Exercise: Look below for the line with "Applique fleur guipure", then repeat it and all lines after it, exactly, minus any pictures.

Given information:
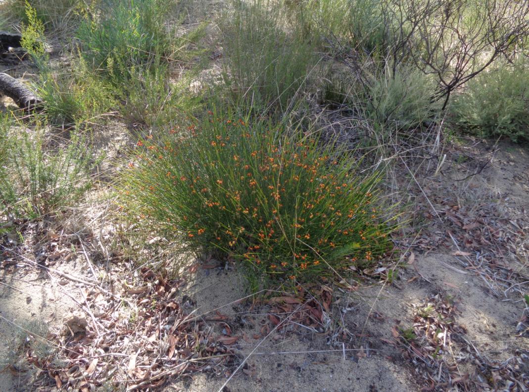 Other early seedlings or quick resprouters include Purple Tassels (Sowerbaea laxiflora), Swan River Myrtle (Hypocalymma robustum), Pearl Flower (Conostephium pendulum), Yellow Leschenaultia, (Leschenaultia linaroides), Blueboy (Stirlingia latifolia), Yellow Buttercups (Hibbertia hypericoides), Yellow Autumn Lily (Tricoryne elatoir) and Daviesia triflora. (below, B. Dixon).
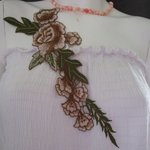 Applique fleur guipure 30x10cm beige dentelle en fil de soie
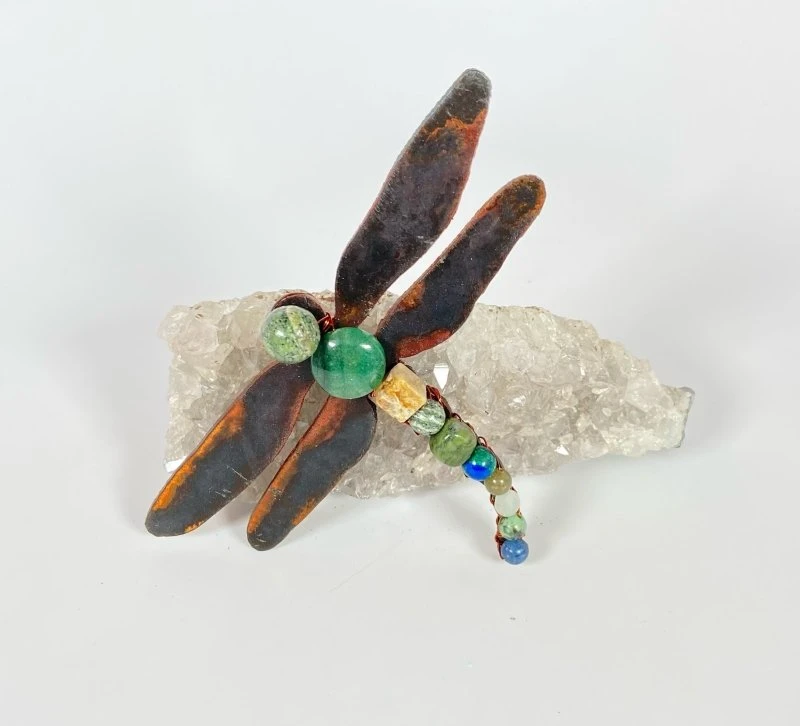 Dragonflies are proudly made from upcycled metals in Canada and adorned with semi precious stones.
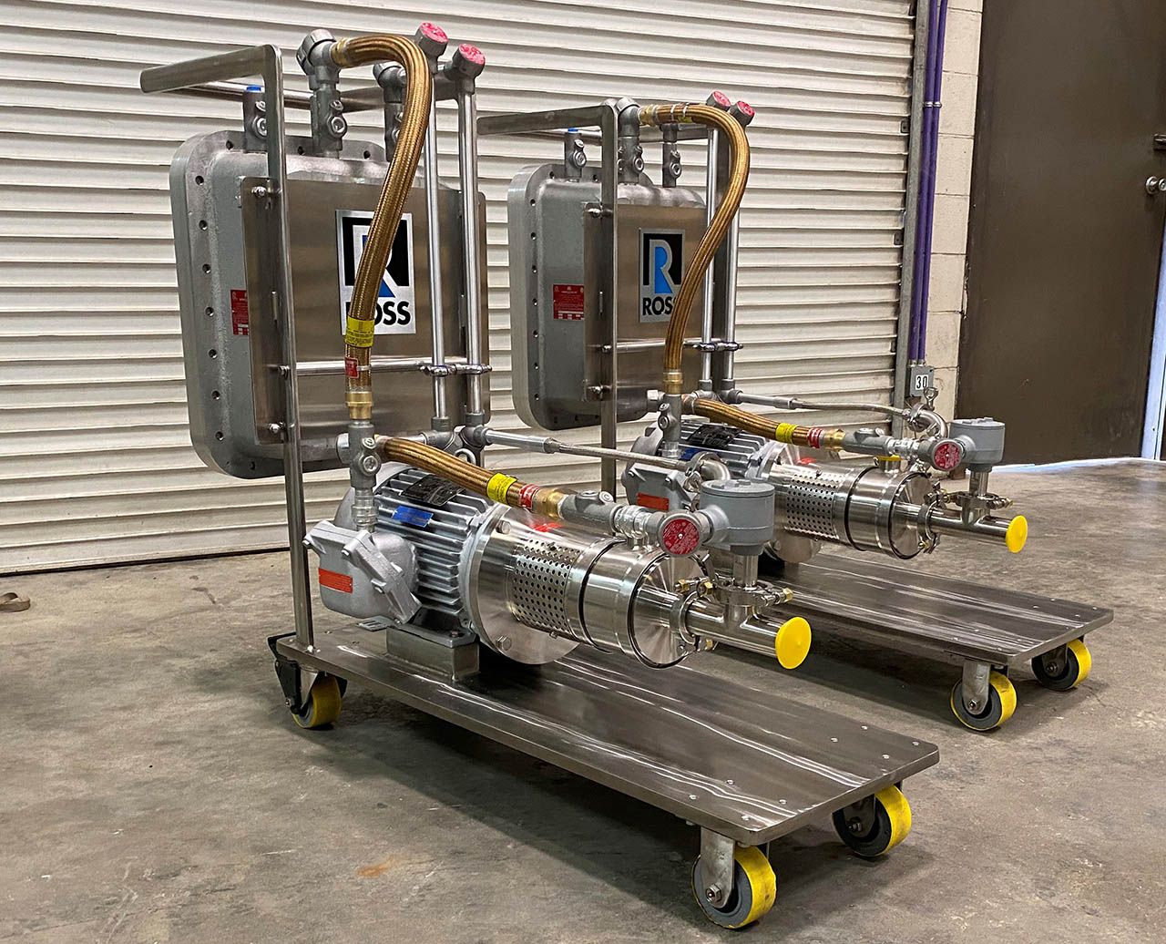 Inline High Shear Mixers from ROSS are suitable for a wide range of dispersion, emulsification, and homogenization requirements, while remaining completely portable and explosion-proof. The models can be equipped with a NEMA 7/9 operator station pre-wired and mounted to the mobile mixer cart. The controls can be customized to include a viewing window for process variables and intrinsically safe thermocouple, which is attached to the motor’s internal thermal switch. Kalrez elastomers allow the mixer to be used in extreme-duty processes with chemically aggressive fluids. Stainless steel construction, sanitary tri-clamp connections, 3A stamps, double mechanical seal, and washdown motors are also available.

Answer section:
 Applique fleur guipure 30x10cm beige dentelle en fil de soie
 Dragonflies are proudly made from upcycled metals in Canada and adorned with semi precious stones.
 Inline High Shear Mixers from ROSS are suitable for a wide range of dispersion, emulsification, and homogenization requirements, while remaining completely portable and explosion-proof. The models can be equipped with a NEMA 7/9 operator station pre-wired and mounted to the mobile mixer cart. The controls can be customized to include a viewing window for process variables and intrinsically safe thermocouple, which is attached to the motor’s internal thermal switch. Kalrez elastomers allow the mixer to be used in extreme-duty processes with chemically aggressive fluids. Stainless steel construction, sanitary tri-clamp connections, 3A stamps, double mechanical seal, and washdown motors are also available.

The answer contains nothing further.